──────── Information given
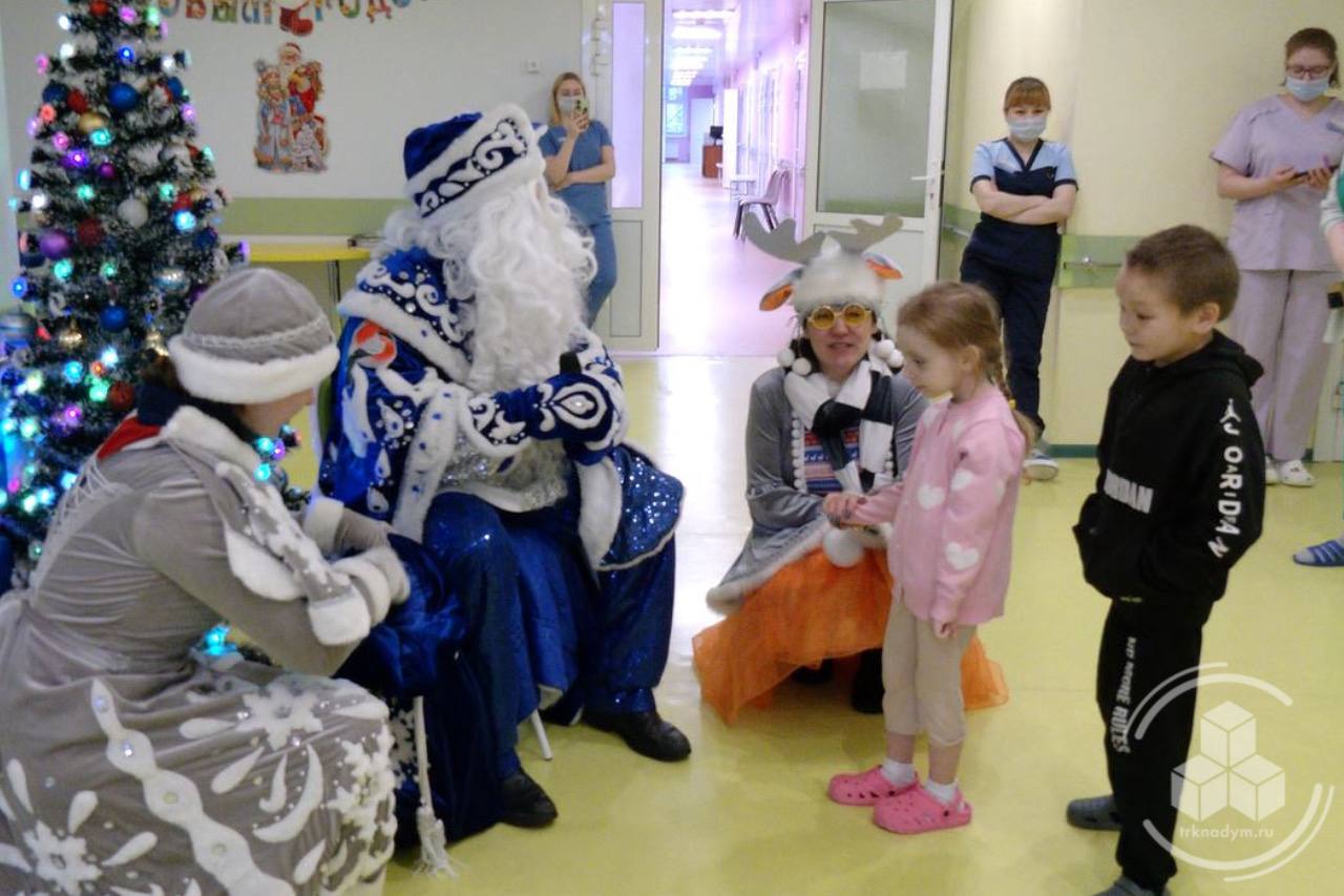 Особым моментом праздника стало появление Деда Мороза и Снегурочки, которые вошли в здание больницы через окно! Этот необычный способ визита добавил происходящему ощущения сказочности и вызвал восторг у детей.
────────────────
──────── Information given
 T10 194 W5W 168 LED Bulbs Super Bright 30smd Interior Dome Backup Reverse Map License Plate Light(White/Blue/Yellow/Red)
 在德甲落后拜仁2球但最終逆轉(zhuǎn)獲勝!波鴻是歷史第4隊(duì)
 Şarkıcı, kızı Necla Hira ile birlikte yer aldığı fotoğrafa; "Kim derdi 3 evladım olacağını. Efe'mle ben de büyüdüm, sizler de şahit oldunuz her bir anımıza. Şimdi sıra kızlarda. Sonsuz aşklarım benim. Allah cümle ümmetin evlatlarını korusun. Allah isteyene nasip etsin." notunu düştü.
────────────────
Repeat, word for word, the lines above between the line holding "T10 194 W5W" and the line holding "在德甲落后拜仁2球但最終逆轉(zhuǎn)獲勝!波鴻是歷史第4隊(duì)", inclusive; omit everything else.

▶ Task output:
 T10 194 W5W 168 LED Bulbs Super Bright 30smd Interior Dome Backup Reverse Map License Plate Light(White/Blue/Yellow/Red)
 在德甲落后拜仁2球但最終逆轉(zhuǎn)獲勝!波鴻是歷史第4隊(duì)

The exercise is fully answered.